Despite having superior or equal numbers on paper, the Asus Strix 970 couldn't come close to matching the GTX 980's delivered pixel throughput. I promptly raised an eyebrow upon seeing these results, but I didn't have time to investigate the issue any further.
Then, last week, an email hit my inbox from Damien Triolet at Hardware.fr, one of the best GPU reviewers in the business. He offered a clear and concise explanation for these results—and in the process, he politely pointed out why our numbers for GPU fill rates have essentially been wrong for a while. Damien graciously agreed to let me publish his explanation:
For a while, I've thought I should drop you an email about some pixel fillrate numbers you use in the peak rates tables for GPUs. Actually, most people got those numbers wrong as Nvidia is not crystal clear about those kind of details unless you ask very specifically.
The pixel fillrate can be linked to the number of ROPs for some GPUs, but it’s been limited elsewhere for years for many Nvidia GPUs. Basically there are 3 levels that might have a say at what the peak fillrate is :
The number of rasterizers
The number of SMs
The number of ROPs
On both Kepler and Maxwell each SM appears to use a 128-bit datapath to transfer pixels color data to the ROPs. Those appears to be converted from FP32 to the actual pixel format before being transferred to the ROPs. With classic INT8 rendering (32-bit per pixel) it means each SM has a throughput of 4 pixels/clock. With HDR FP16 (64-bit per pixel), each SM has a throughput of 2 pixels/clock.
On Kepler each rasterizer can output up to 8 pixels/clock. With Maxwell, the rate goes up to 16 pixels/clock (at least with the currently released Maxwell GPUs).

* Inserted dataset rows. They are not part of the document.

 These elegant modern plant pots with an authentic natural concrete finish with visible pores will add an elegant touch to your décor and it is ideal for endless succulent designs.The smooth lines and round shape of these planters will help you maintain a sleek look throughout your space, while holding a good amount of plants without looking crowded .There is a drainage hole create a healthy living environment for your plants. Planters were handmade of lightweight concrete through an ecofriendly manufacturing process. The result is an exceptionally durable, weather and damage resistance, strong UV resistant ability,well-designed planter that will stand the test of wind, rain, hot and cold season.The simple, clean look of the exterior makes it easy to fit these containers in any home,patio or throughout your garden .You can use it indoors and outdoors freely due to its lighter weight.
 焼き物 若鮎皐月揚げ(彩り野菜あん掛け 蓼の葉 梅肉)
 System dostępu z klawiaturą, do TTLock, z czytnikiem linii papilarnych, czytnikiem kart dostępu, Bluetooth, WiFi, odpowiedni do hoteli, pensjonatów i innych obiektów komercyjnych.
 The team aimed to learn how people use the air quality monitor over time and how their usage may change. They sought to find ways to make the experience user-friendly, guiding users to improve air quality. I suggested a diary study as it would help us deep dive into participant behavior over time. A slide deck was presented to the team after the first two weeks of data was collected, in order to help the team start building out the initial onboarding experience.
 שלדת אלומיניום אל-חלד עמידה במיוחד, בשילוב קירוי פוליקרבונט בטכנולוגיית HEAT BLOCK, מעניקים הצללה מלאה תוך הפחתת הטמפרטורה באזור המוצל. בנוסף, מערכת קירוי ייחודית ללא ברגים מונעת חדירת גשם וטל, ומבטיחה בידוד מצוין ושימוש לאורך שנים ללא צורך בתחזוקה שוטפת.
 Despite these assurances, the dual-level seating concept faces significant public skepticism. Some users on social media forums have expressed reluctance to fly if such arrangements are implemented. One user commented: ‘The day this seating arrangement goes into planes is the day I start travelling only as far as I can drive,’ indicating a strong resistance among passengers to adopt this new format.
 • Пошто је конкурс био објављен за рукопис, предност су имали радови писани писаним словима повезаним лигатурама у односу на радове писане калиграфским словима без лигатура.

So the actual pixels/cycle peak rate when you look at all the limits (rasterizers/SMs/ROPs) would be :
GTX 750 : 16/16/16
GTX 750 Ti : 16/20/16
GTX 760 : 32/24/32 or 24/24/32 (as there are 2 die configuration options)
GTX 770 : 32/32/32
GTX 780 : 40/48/48 or 32/48/48 (as there are 2 die configuration options)
GTX 780 Ti : 40/60/48
GTX 970 : 64/52/64
GTX 980 : 64/64/64
Extra ROPs are still useful to get better efficiency with MSAA and so. But they don’t participate in the peak pixel fillrate.
That’s in part what explains the significant fillrate delta between the GTX 980 and the GTX 970 (as you measured it in 3DMark Vantage). There is another reason which seem to be that unevenly configured GPCs are less efficient with huge triangles splitting (as it’s usually the case with fillrate tests).